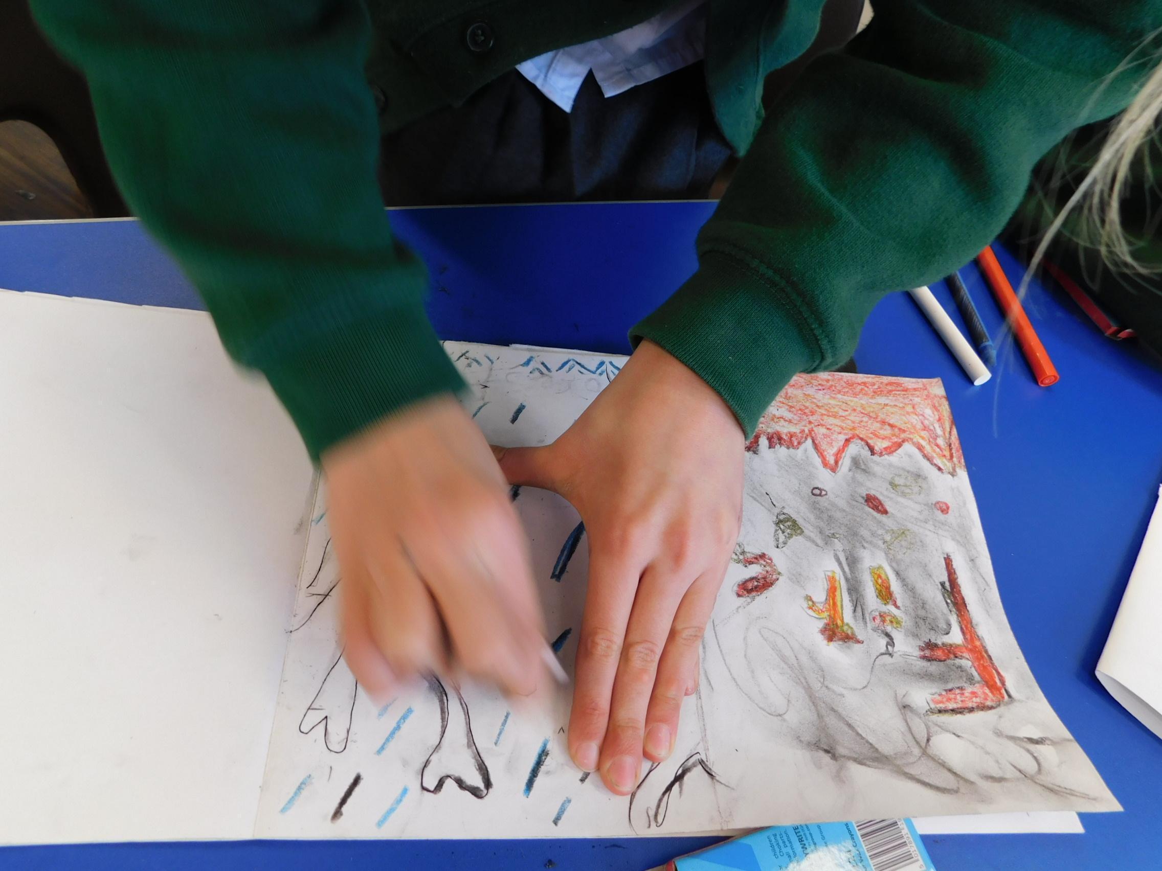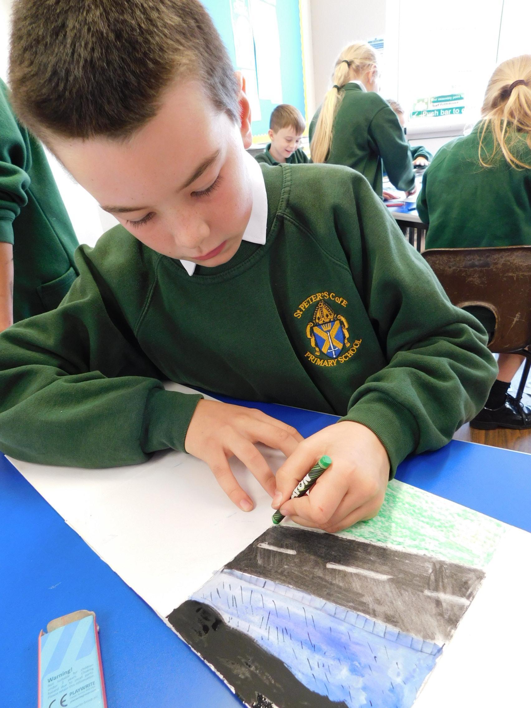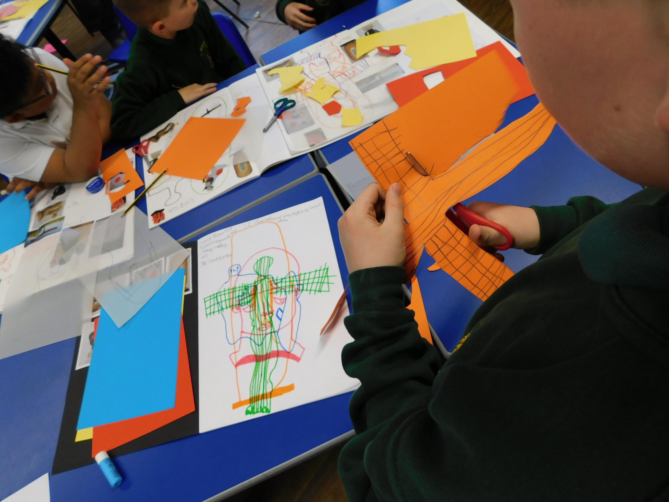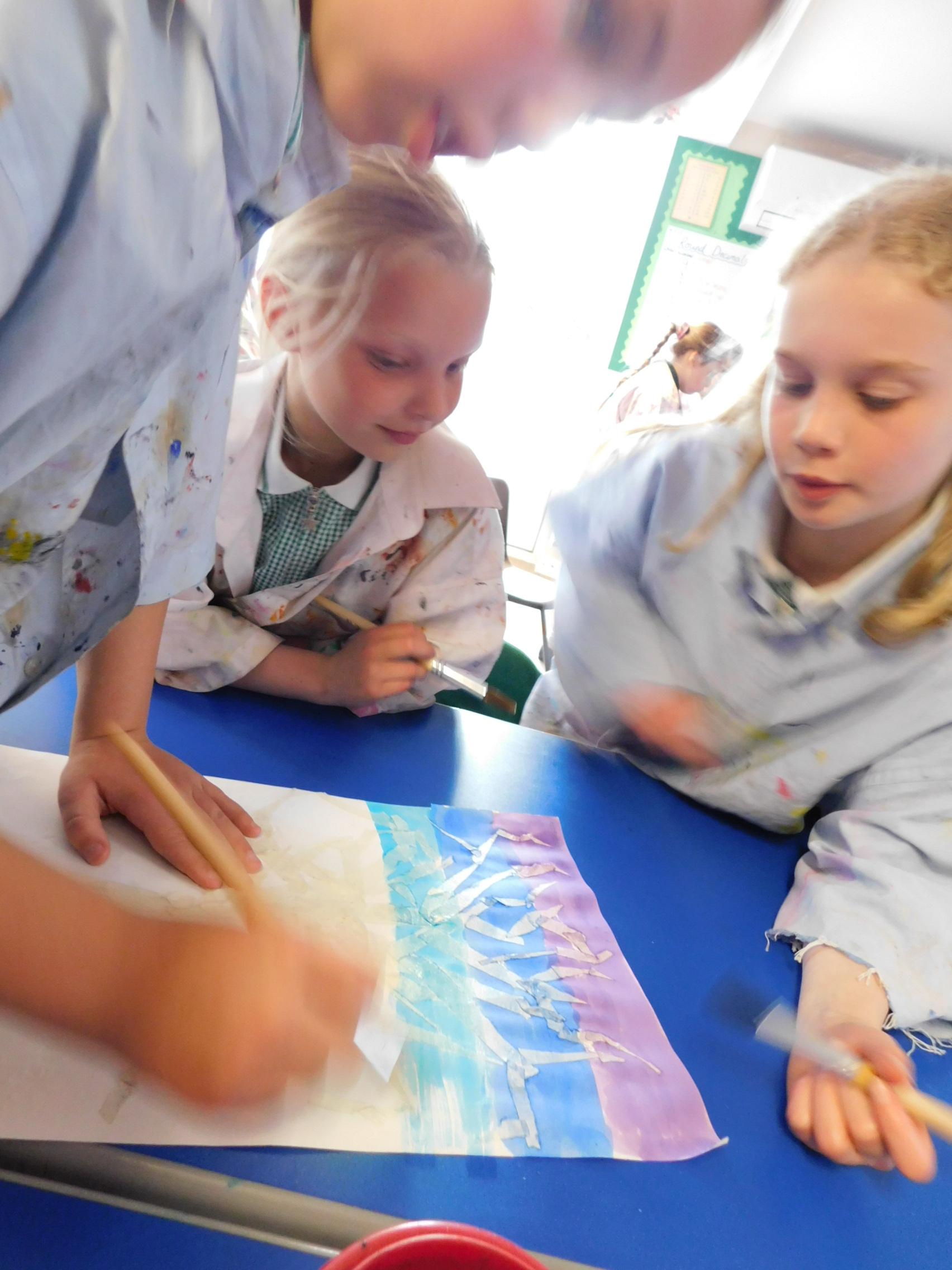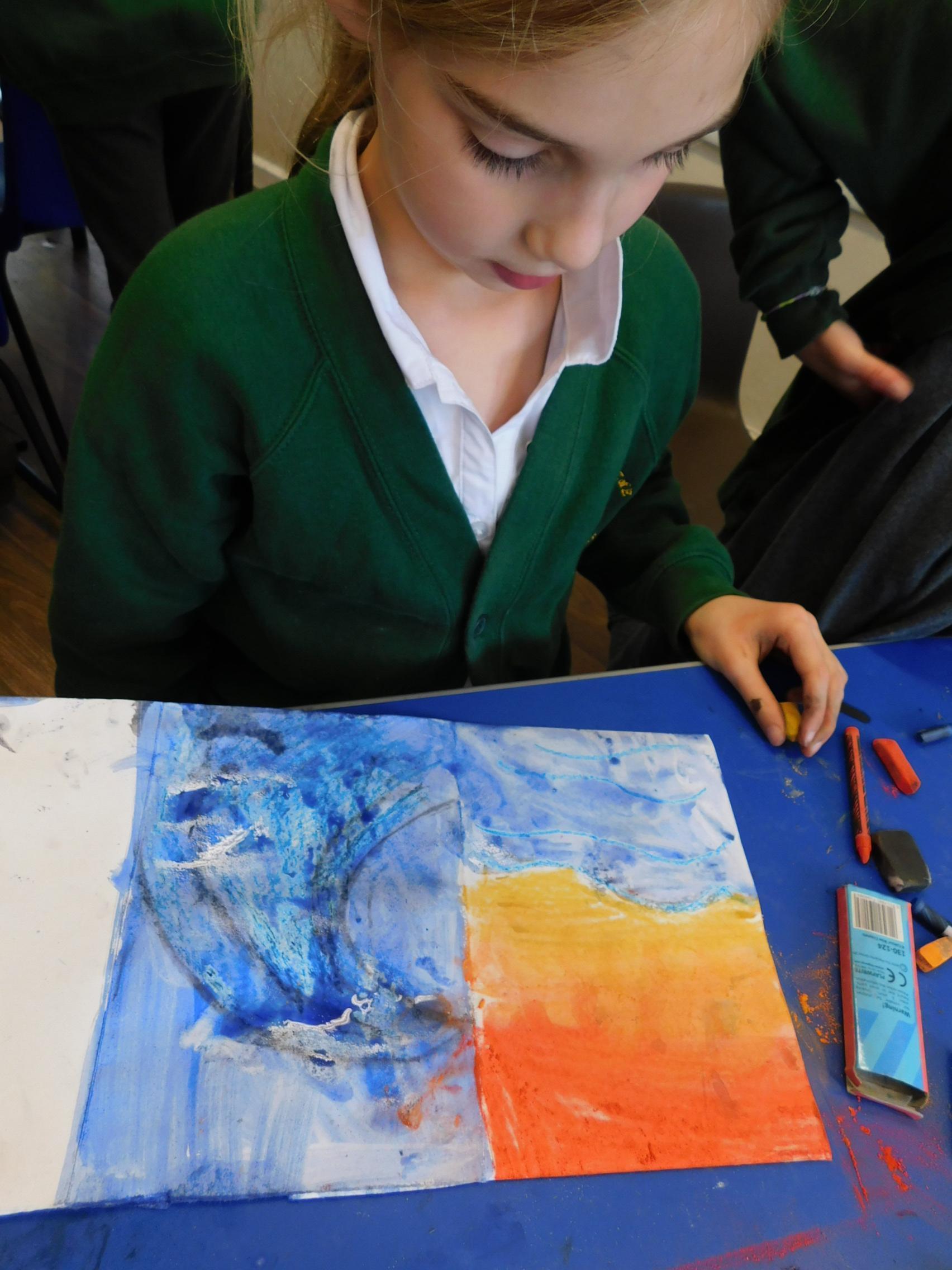 Observational drawing and colourful mark-making from primary and secondary sources, based on our playground trees and British birds.
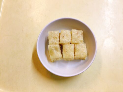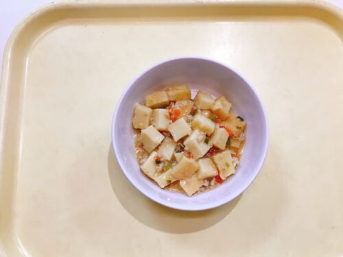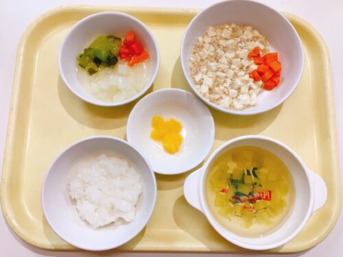 おかゆ 豆腐のそぼろあん 大根サラダ さつまいものスープ オレンジ
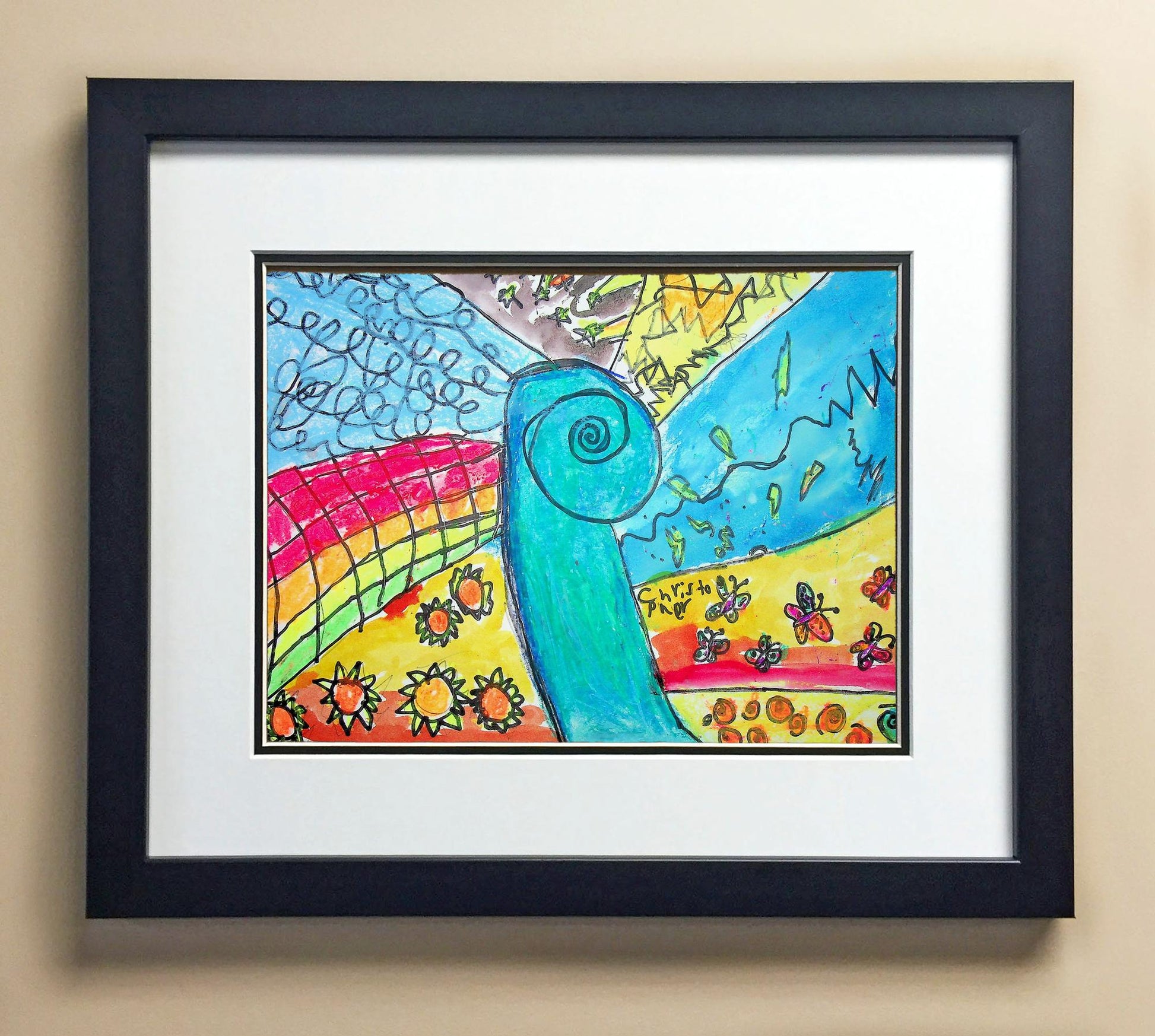 Included with the purchase is the Students Artwork, Frame, double matboard, shatter proof plexiglass, and a ready to hang backerboard with turnbuttons

**Exercise details:** Give back every line of the material exactly as written, but not the pictures.

**Completed exercise:**
 Observational drawing and colourful mark-making from primary and secondary sources, based on our playground trees and British birds.
 おかゆ 豆腐のそぼろあん 大根サラダ さつまいものスープ オレンジ
 Included with the purchase is the Students Artwork, Frame, double matboard, shatter proof plexiglass, and a ready to hang backerboard with turnbuttons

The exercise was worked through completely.